Aim of the task:
Every line of the listing below from the one with "Саженцы ели обыкновенной" up to and including the one with "La publicación del" should be retyped exactly, and nothing else; pictures are not part of the copy.
•••
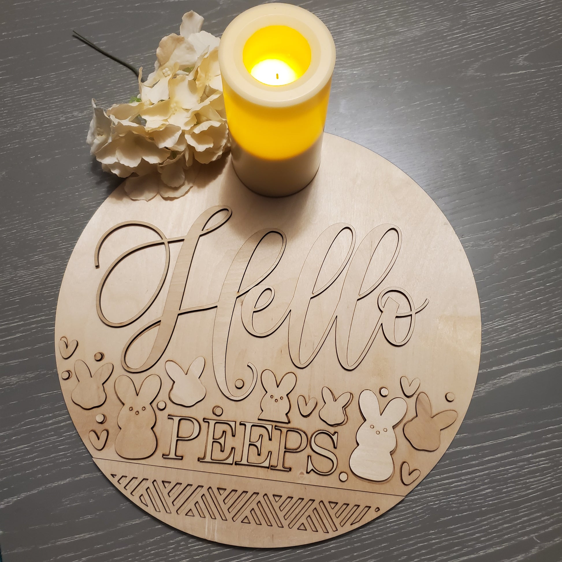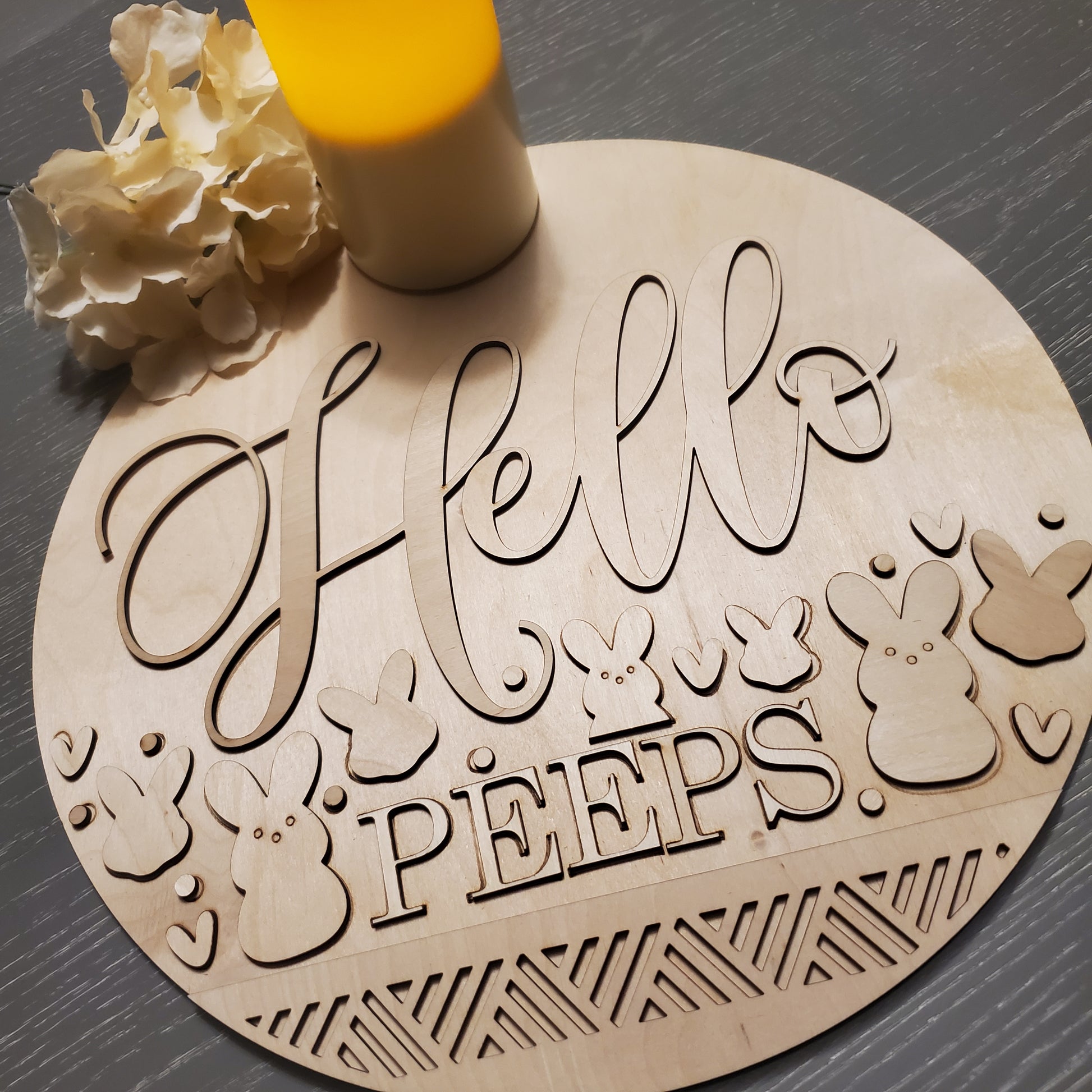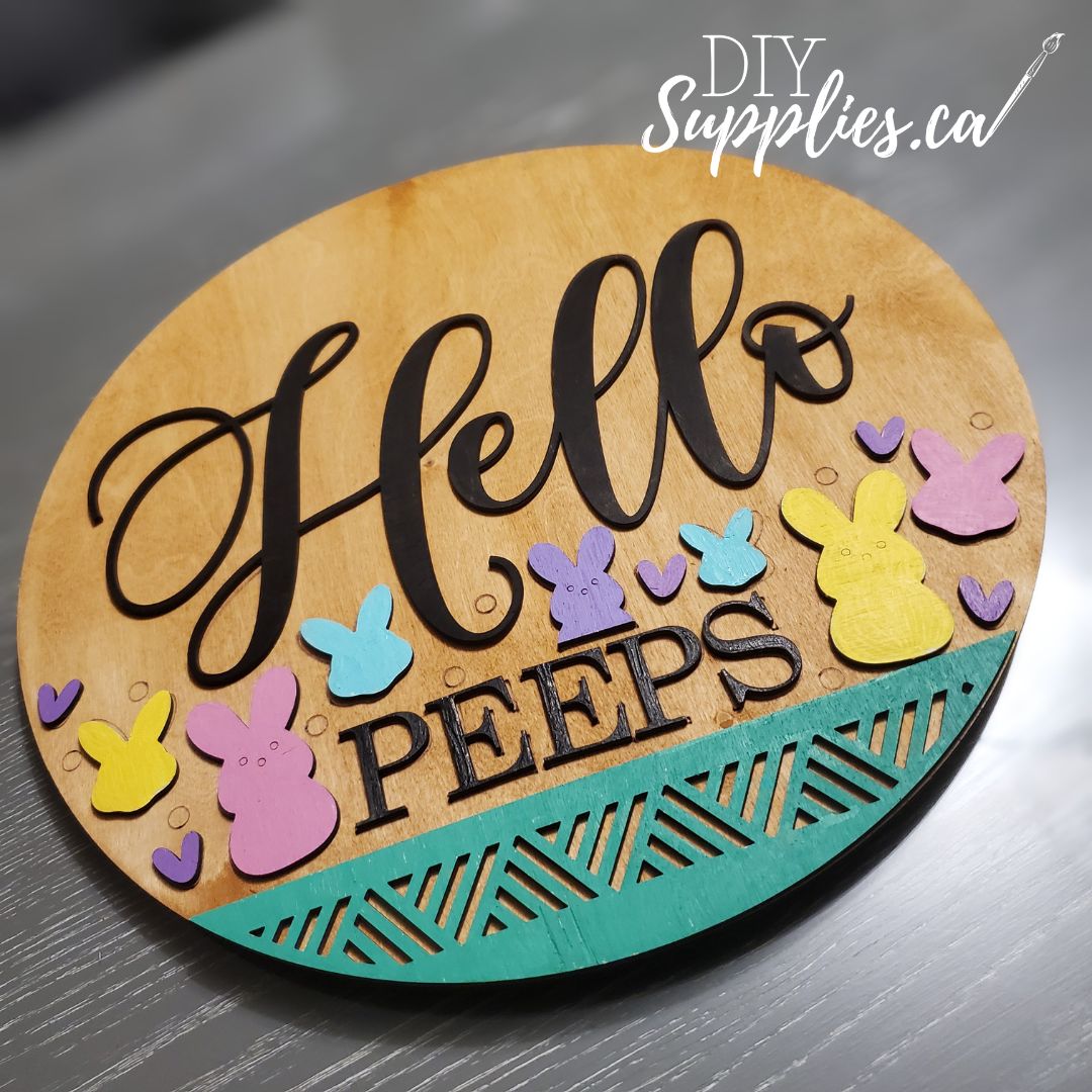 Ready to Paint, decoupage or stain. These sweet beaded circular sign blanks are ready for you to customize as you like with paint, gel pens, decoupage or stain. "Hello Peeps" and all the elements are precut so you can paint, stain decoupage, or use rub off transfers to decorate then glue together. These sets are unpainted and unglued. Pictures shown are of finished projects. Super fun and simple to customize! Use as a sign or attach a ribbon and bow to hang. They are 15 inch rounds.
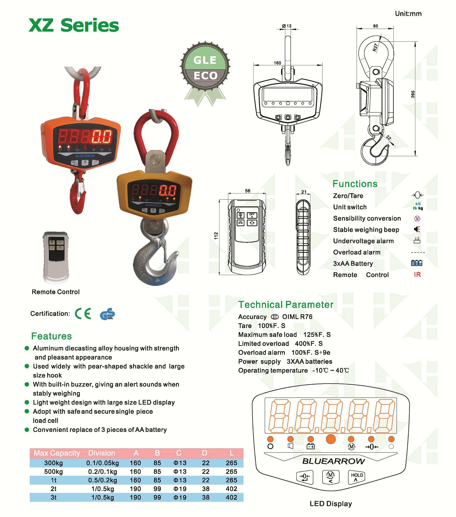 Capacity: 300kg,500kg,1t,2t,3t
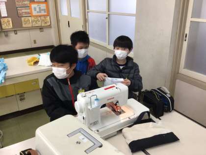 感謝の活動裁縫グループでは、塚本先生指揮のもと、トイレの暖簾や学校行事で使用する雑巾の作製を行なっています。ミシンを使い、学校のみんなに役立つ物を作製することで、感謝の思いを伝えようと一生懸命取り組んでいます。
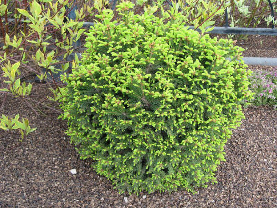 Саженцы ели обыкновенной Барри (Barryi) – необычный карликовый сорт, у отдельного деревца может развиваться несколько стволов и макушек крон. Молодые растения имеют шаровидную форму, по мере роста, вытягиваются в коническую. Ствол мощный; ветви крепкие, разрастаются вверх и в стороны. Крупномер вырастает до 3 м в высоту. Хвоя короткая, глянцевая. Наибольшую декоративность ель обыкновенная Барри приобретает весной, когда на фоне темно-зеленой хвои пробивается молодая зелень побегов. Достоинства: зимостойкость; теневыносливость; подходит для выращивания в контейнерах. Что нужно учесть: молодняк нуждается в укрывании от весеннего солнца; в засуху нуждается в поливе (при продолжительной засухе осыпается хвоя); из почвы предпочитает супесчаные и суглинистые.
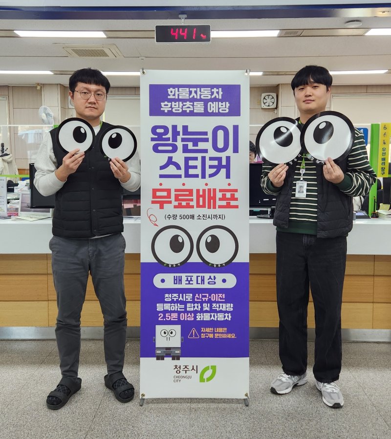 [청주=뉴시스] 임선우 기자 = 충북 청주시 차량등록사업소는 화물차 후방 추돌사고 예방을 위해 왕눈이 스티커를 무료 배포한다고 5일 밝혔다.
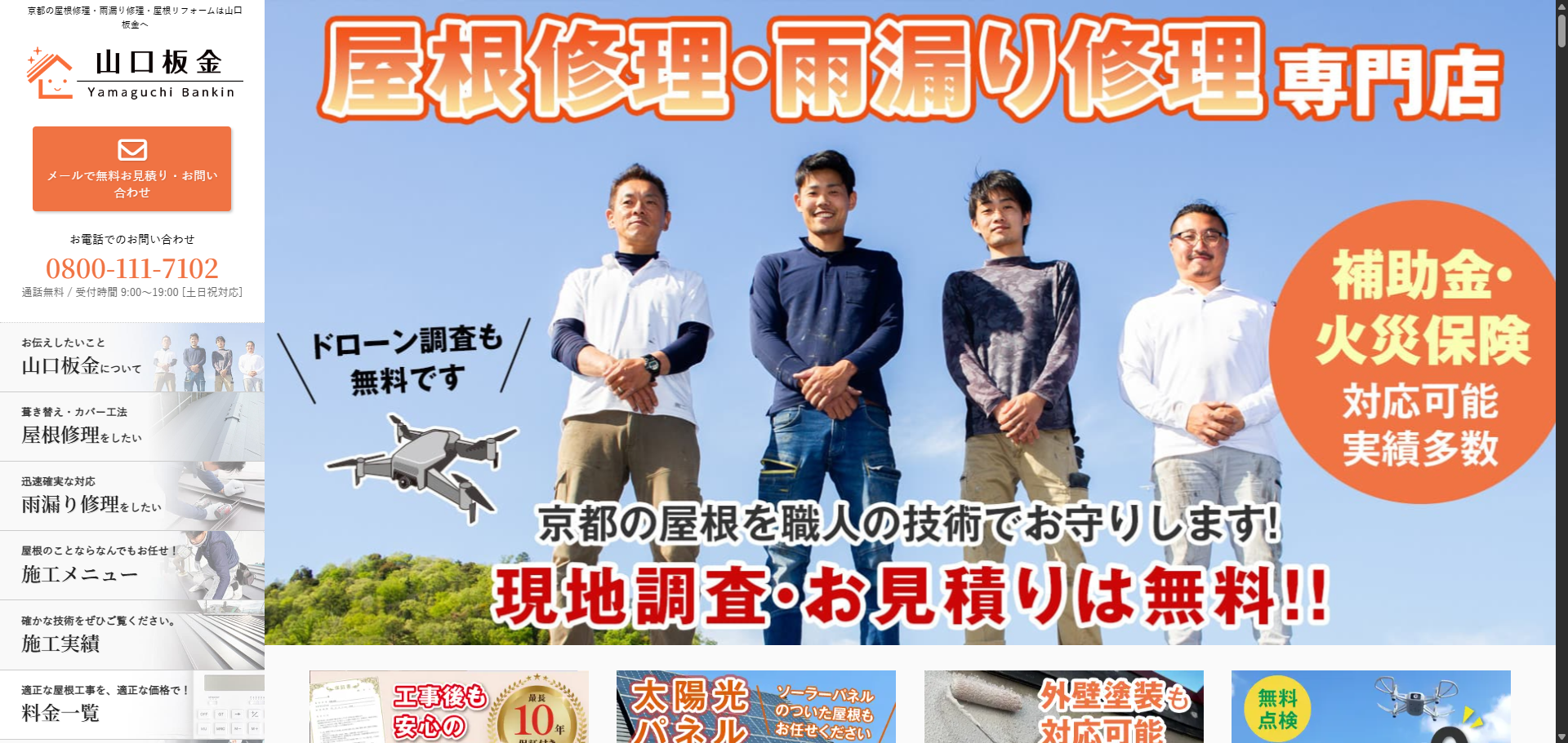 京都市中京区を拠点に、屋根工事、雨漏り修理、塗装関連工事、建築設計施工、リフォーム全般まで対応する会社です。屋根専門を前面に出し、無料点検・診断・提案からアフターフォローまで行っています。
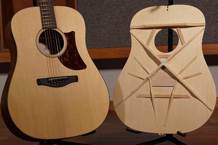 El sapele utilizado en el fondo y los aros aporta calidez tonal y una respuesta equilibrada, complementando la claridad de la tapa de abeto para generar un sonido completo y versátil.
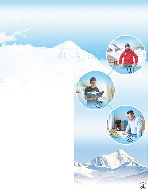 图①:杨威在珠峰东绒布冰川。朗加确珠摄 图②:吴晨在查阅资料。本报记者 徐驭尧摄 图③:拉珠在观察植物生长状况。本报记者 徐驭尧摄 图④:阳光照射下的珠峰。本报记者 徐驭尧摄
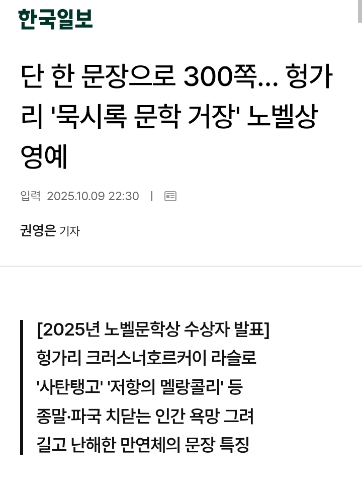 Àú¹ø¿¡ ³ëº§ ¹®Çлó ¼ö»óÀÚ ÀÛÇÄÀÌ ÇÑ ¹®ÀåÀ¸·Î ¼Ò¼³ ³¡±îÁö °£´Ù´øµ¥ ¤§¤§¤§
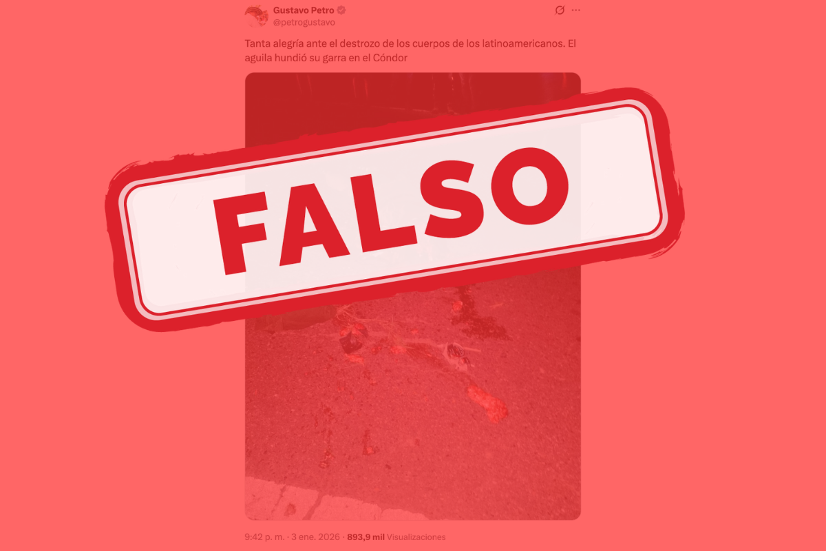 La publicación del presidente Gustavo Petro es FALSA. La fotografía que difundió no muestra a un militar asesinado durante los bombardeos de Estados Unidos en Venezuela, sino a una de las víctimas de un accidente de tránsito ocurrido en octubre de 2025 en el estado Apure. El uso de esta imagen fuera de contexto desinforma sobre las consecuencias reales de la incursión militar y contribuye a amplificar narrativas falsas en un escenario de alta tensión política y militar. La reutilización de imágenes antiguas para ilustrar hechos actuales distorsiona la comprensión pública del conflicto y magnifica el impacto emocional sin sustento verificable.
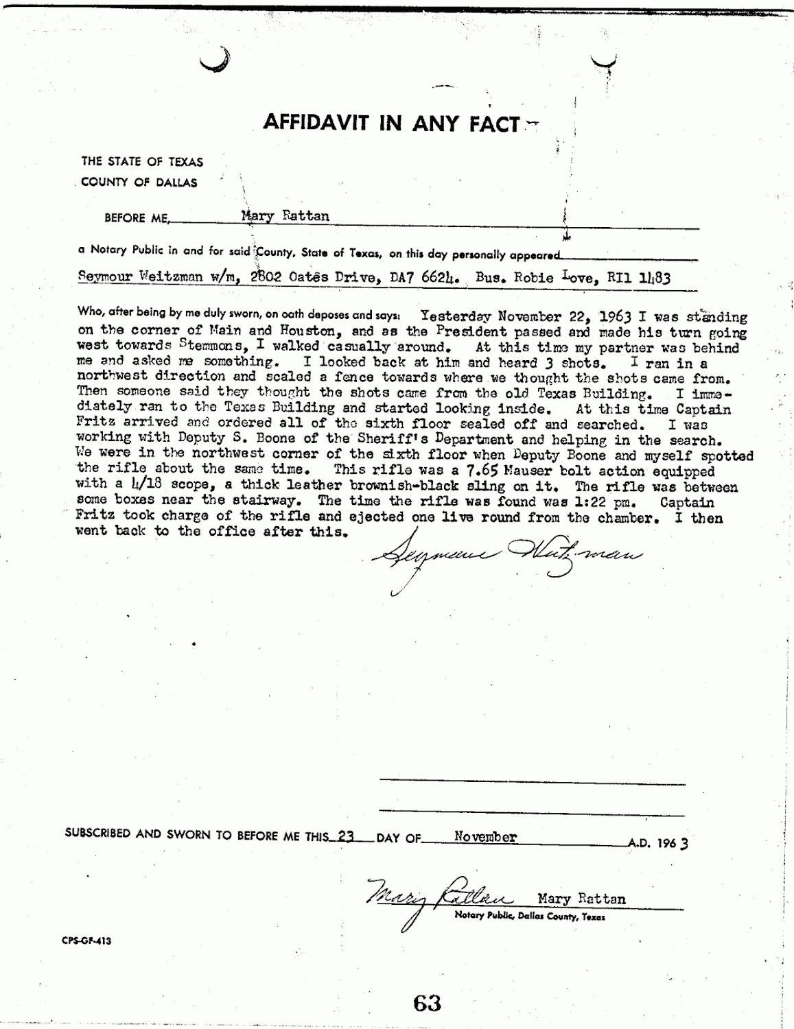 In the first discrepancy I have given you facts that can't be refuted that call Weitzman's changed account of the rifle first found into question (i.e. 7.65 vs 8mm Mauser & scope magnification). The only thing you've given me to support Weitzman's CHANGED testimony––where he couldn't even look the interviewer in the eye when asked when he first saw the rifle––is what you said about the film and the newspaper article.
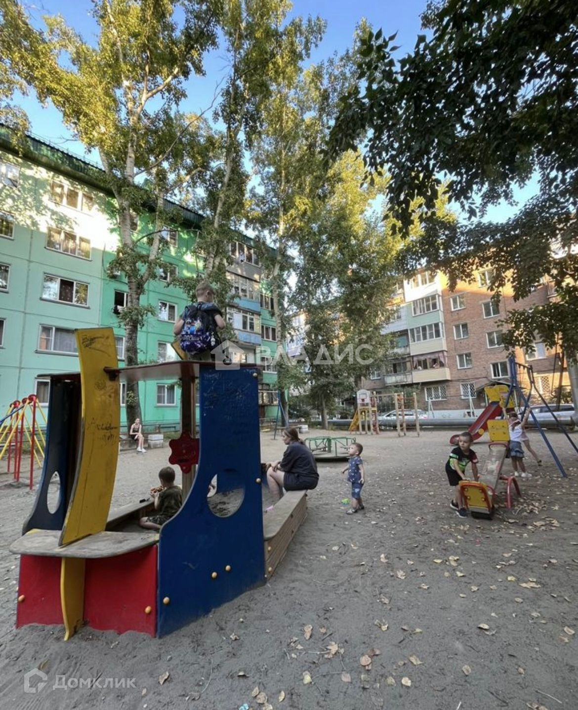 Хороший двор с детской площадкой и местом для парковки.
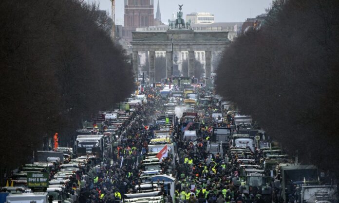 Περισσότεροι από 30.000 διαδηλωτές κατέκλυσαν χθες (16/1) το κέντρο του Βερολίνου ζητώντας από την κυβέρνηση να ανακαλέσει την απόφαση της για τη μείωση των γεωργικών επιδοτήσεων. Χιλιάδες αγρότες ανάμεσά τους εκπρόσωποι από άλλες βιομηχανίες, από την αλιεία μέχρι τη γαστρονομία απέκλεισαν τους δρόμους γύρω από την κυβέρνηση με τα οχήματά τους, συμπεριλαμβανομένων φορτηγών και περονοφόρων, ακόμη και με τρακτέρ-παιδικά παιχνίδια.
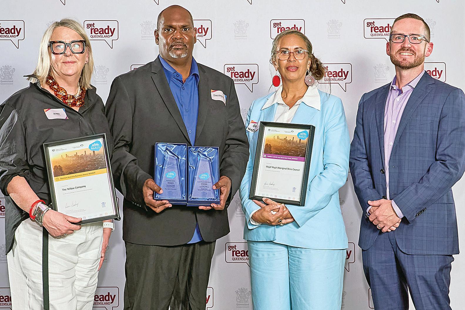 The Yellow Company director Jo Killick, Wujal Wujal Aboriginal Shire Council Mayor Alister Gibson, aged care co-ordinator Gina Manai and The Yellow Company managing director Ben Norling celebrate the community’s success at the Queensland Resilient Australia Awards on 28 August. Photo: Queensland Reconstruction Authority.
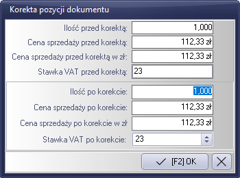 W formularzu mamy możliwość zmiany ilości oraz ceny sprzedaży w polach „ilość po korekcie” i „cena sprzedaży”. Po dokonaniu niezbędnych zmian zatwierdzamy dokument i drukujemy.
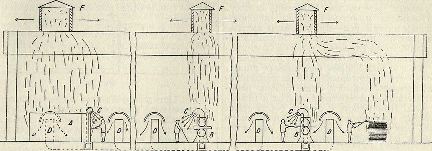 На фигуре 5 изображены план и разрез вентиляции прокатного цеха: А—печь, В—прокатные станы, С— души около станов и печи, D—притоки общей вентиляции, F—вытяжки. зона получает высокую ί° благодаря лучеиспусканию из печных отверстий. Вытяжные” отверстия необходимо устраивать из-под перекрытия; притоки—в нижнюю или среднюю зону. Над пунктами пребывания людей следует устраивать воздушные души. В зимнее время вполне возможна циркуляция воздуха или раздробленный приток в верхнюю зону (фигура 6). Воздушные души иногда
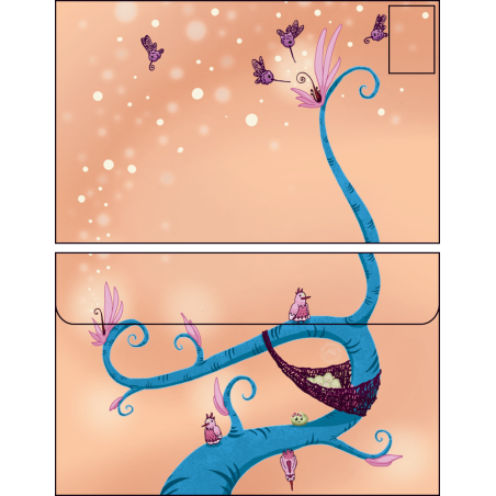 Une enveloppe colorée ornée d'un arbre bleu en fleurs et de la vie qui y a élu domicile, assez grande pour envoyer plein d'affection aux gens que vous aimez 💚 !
•••
Task answer:
 Саженцы ели обыкновенной Барри (Barryi) – необычный карликовый сорт, у отдельного деревца может развиваться несколько стволов и макушек крон. Молодые растения имеют шаровидную форму, по мере роста, вытягиваются в коническую. Ствол мощный; ветви крепкие, разрастаются вверх и в стороны. Крупномер вырастает до 3 м в высоту. Хвоя короткая, глянцевая. Наибольшую декоративность ель обыкновенная Барри приобретает весной, когда на фоне темно-зеленой хвои пробивается молодая зелень побегов. Достоинства: зимостойкость; теневыносливость; подходит для выращивания в контейнерах. Что нужно учесть: молодняк нуждается в укрывании от весеннего солнца; в засуху нуждается в поливе (при продолжительной засухе осыпается хвоя); из почвы предпочитает супесчаные и суглинистые.
 [청주=뉴시스] 임선우 기자 = 충북 청주시 차량등록사업소는 화물차 후방 추돌사고 예방을 위해 왕눈이 스티커를 무료 배포한다고 5일 밝혔다.
 京都市中京区を拠点に、屋根工事、雨漏り修理、塗装関連工事、建築設計施工、リフォーム全般まで対応する会社です。屋根専門を前面に出し、無料点検・診断・提案からアフターフォローまで行っています。
 El sapele utilizado en el fondo y los aros aporta calidez tonal y una respuesta equilibrada, complementando la claridad de la tapa de abeto para generar un sonido completo y versátil.
 图①:杨威在珠峰东绒布冰川。朗加确珠摄 图②:吴晨在查阅资料。本报记者 徐驭尧摄 图③:拉珠在观察植物生长状况。本报记者 徐驭尧摄 图④:阳光照射下的珠峰。本报记者 徐驭尧摄
 Àú¹ø¿¡ ³ëº§ ¹®Çлó ¼ö»óÀÚ ÀÛÇÄÀÌ ÇÑ ¹®ÀåÀ¸·Î ¼Ò¼³ ³¡±îÁö °£´Ù´øµ¥ ¤§¤§¤§
 La publicación del presidente Gustavo Petro es FALSA. La fotografía que difundió no muestra a un militar asesinado durante los bombardeos de Estados Unidos en Venezuela, sino a una de las víctimas de un accidente de tránsito ocurrido en octubre de 2025 en el estado Apure. El uso de esta imagen fuera de contexto desinforma sobre las consecuencias reales de la incursión militar y contribuye a amplificar narrativas falsas en un escenario de alta tensión política y militar. La reutilización de imágenes antiguas para ilustrar hechos actuales distorsiona la comprensión pública del conflicto y magnifica el impacto emocional sin sustento verificable.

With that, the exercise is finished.